Der Band will die Entstehung der Rede von der Hölle in der Bibel und in ihrem literarischen Umfeld nachzeichnen und dabei traditionsgeschichtliche Linien von der Antike bis in die Gegenwart aufzeigen. Dabei fragt er danach, welche ethischen Implikationen die Rede von der Hölle hat und wie sie sich mit dem universalen Heilswillen Gottes angesichts der Mächtigkeit des Bösen verträgt: Wie ist der Zusammenhang zwischen der Drohung mit der Hölle und der Bereitschaft zur Umkehr des Menschen?
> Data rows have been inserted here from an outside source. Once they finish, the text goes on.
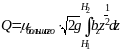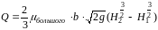 , то для большого прямоугольного отверстия в тонкой вертикальной стенке при постоянном напоре bz = b, интегрируя выражение для расхода получим:
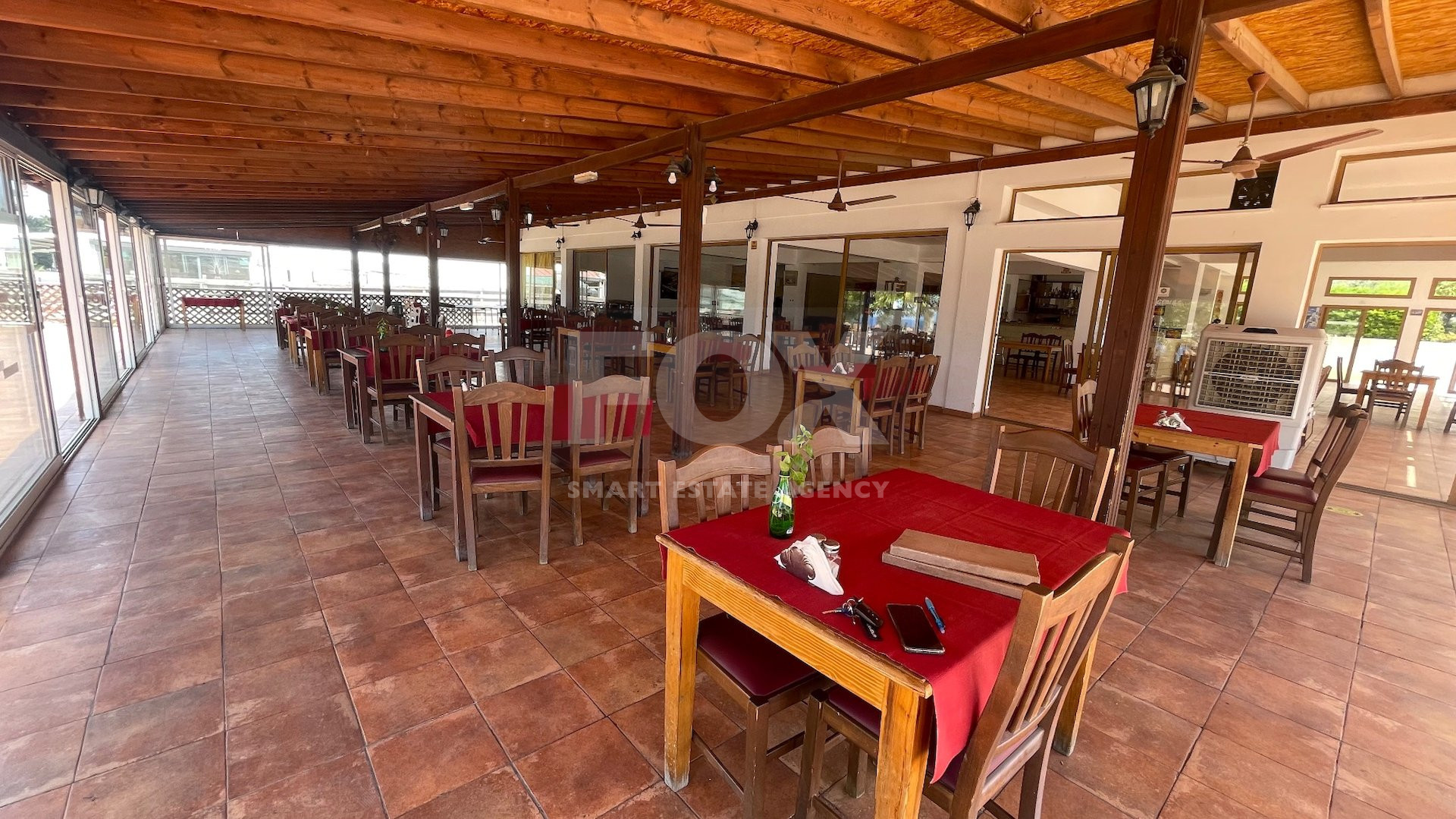 The restaurant is a well-established business with a loyal customer base, offering indoor and outdoor seating that captures breathtaking sea views.
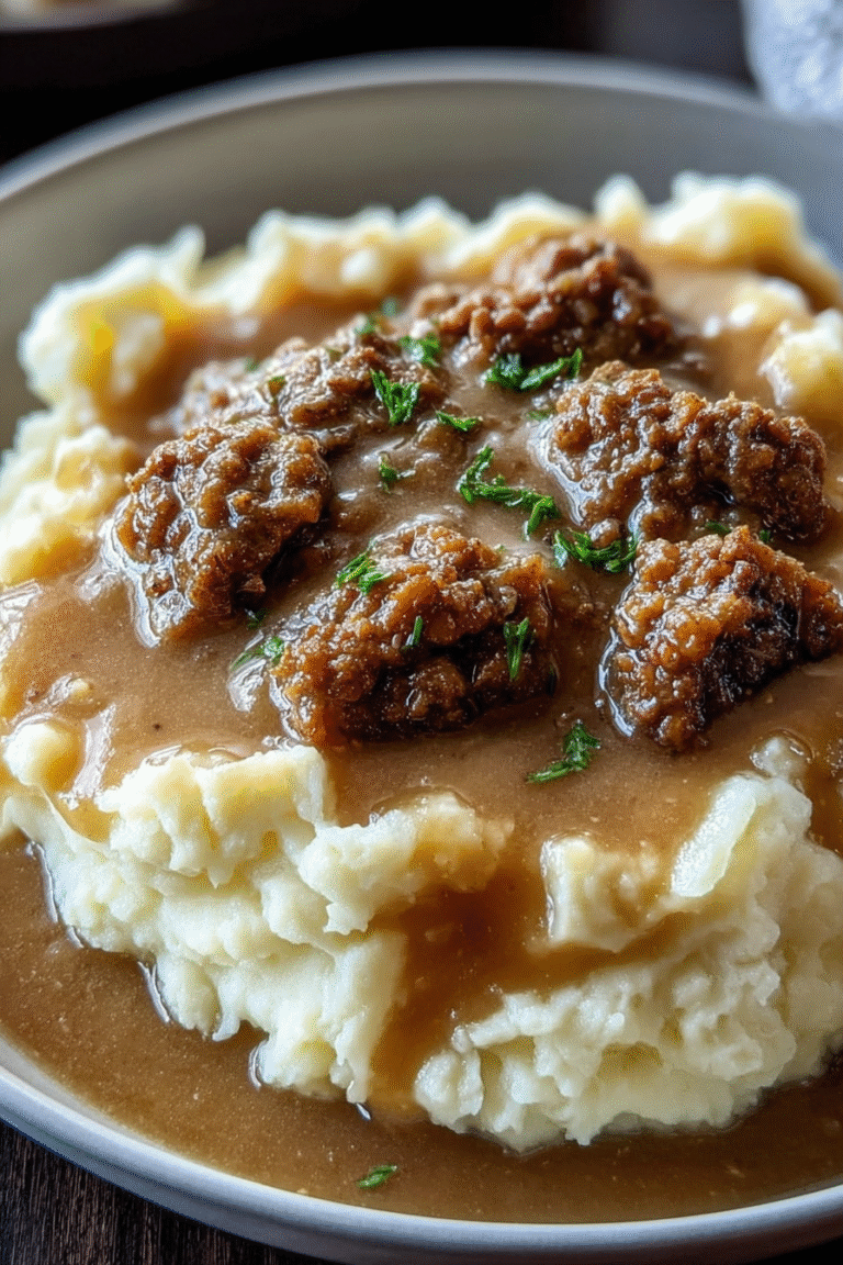Spoon a generous serving of mashed potatoes onto a plate. Ladle the chicken hamburger gravy over the top. Garnish with a sprinkle of fresh parsley, if desired. Enjoy your delicious chicken hamburger gravy over mashed potatoes!
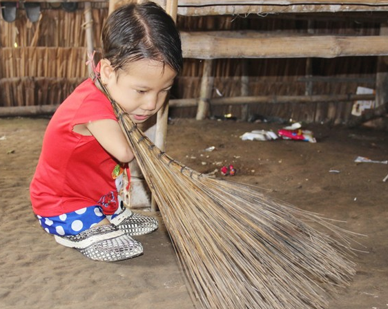 Những hình ảnh như bé tự tập viết chữ bằng tay, bằng miệng, tự xúc cơm ăn mà không cần ai giúp hay tự tắm gội thực sự gây xúc động mạnh. |

Wie kann von ‚Hölle‘ gesprochen werden im Kontext der (scheinbaren) Spannung zwischen Gottes Gerechtigkeit und Barmherzigkeit, von Erwählung und Verwerfung von Geschöpfen? Welche Berechtigung hat die Hoffnung auf eine Versöhnung aller Geschöpfe miteinander am Ende der Tage? Welche eschatologischen Erwartungen von einem Ort bleibender Gottesferne bedürfen der konstruktiven theologischen Kritik? Und welche Resonanz und Relevanz haben Höllenvorstellungen in der gegenwärtigen Lebenswelt und Kultur?